Your goal: Output the whole listing below exactly, omitting the images.

The data:

────────────────────

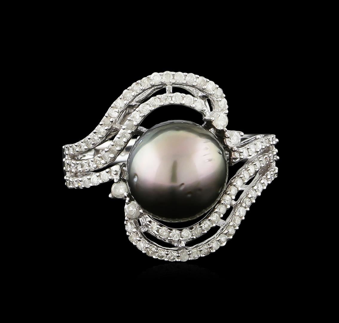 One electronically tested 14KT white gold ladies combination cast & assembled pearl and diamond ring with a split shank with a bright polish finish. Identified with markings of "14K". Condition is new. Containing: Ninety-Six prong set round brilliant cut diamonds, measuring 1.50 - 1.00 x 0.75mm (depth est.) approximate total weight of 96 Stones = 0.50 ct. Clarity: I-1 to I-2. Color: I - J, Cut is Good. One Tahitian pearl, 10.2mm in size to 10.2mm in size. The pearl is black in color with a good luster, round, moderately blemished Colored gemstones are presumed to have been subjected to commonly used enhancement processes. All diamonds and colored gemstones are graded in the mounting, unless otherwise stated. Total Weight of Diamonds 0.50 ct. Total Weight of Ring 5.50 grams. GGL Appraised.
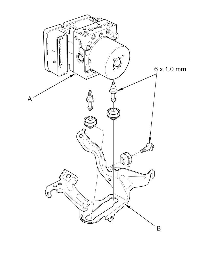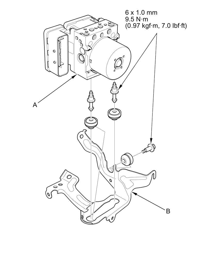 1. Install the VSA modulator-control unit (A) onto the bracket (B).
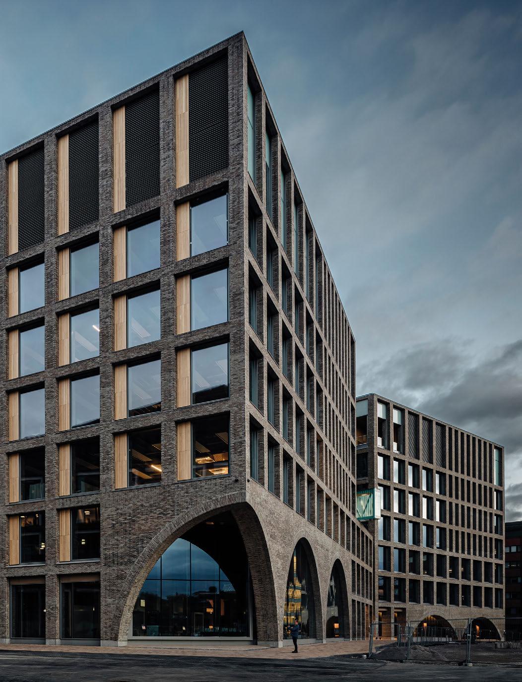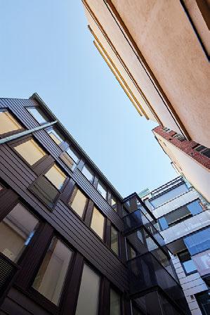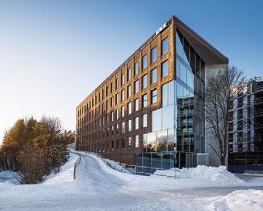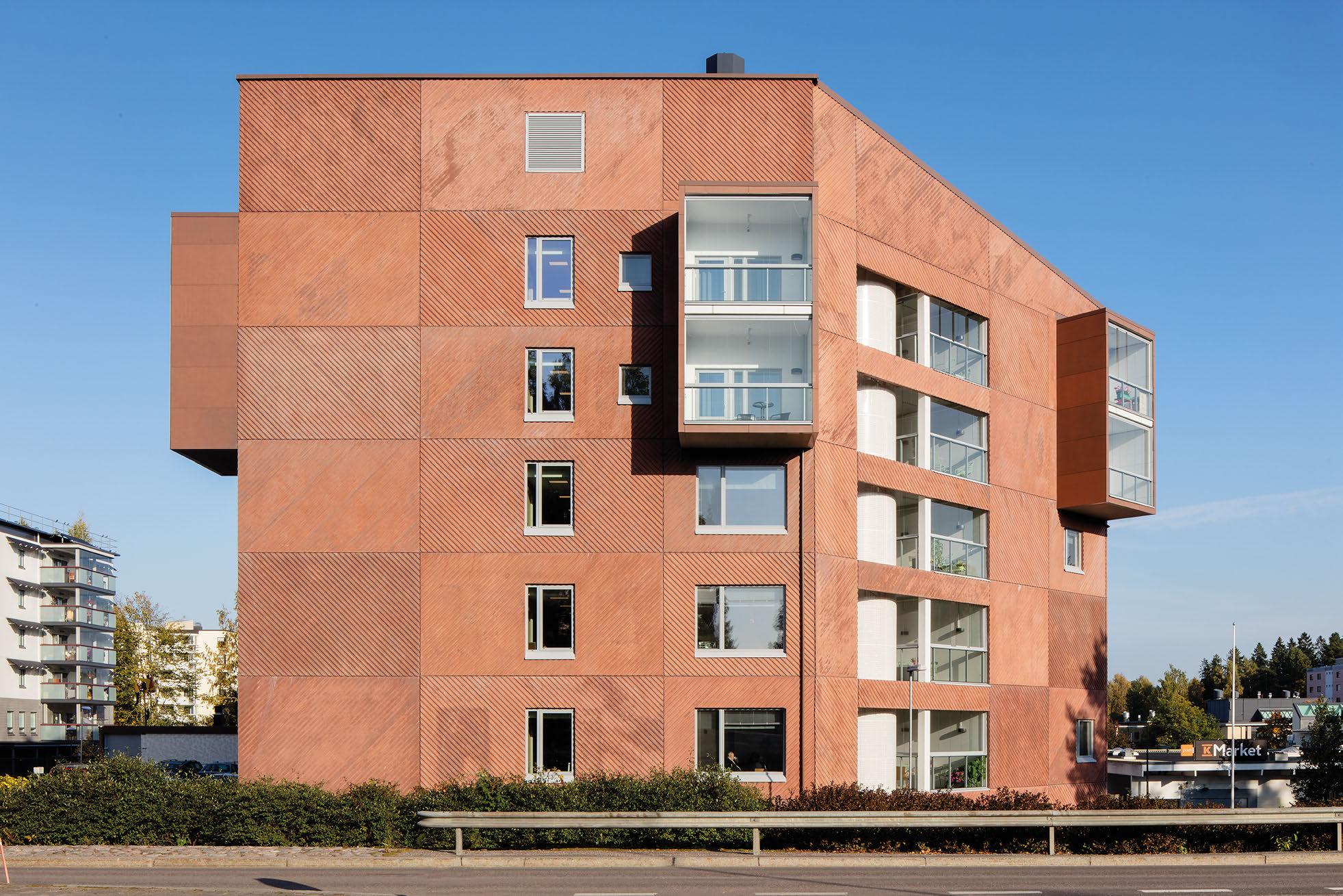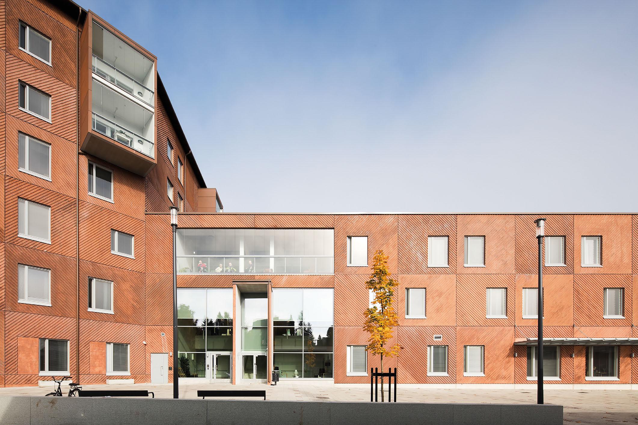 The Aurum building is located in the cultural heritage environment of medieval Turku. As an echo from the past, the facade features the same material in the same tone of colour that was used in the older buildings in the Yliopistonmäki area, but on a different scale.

────────────────────

Solution for this task:
 One electronically tested 14KT white gold ladies combination cast & assembled pearl and diamond ring with a split shank with a bright polish finish. Identified with markings of "14K". Condition is new. Containing: Ninety-Six prong set round brilliant cut diamonds, measuring 1.50 - 1.00 x 0.75mm (depth est.) approximate total weight of 96 Stones = 0.50 ct. Clarity: I-1 to I-2. Color: I - J, Cut is Good. One Tahitian pearl, 10.2mm in size to 10.2mm in size. The pearl is black in color with a good luster, round, moderately blemished Colored gemstones are presumed to have been subjected to commonly used enhancement processes. All diamonds and colored gemstones are graded in the mounting, unless otherwise stated. Total Weight of Diamonds 0.50 ct. Total Weight of Ring 5.50 grams. GGL Appraised.
 1. Install the VSA modulator-control unit (A) onto the bracket (B).
 The Aurum building is located in the cultural heritage environment of medieval Turku. As an echo from the past, the facade features the same material in the same tone of colour that was used in the older buildings in the Yliopistonmäki area, but on a different scale.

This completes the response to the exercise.